When three celestial bodies — for instance the Earth, Moon, and Sun — orbit each other, their gravitational pulls produce a peculiar and seemingly unpredictable system. Figuring out how to predict where each mass will be in space and time at any one point is a problem that’s been puzzling astronomers ever since Sir Isaac Newton formulated it over 300 years ago.
So far, conventional computers have been slaving away at these kinds of calculations, often taking weeks, if not months to produce results — but artificial intelligence could speed things up considerably, as Live Science reports.
Researchers from the University of Cambridge have built a neural network they claim can solve the three-body problem much faster than a conventional computer, giving astronomers a leg up in understanding phenomena such as the behavior of star clusters as they collapse or the formation of black hole systems.
They posted a paper of their research, which has yet to be peer-reviewed, on the preprint archive arXiv last month.
Using Brutus — an advanced software program that, as its name suggests, solves problems by brute force — the team generated about 9,900 simplified three-body scenarios. They then fed these scenarios to the neural net to teach it how to solve them, before pitting Brutus against the neural net on solving 5,000 new and unseen scenarios.
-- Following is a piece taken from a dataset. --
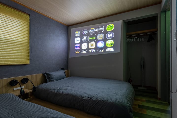 Ima tri sobe s tatamijima, kupaonicu s crnim pločnim pločicama i projektor za mirne večeri.

The results were astonishing. The Cambridge team’s AI solved the problems in less than a single second each. Brutus took far longer: almost two minutes. That’s because the AI was able to deduce a pattern rather than making calculations step-by-step.
“This neural net, if it does a good job, should be able to provide us with solutions in an unprecedented time frame,” co-author Chris Foley, a biostatistician at the University of Cambridge, told Live Science. “So we can start to think about making progress with much deeper questions, like how gravitational waves form.”
There are plenty of limitations to this new approach, however. For one, scaling up the calculations could present a big hurdle.
“There’s an interplay between our ability to train a fantastically performing neural network and our ability to actually derive data with which to train it,” Foley said. “So there’s a bottleneck there.”
But the researchers are hoping to create a “hybrid” system: software like Brutus could do the hard work up front, then a neural net would take on “only the parts of the simulation that involve more complex calculations that bog down the software,” Foley explained.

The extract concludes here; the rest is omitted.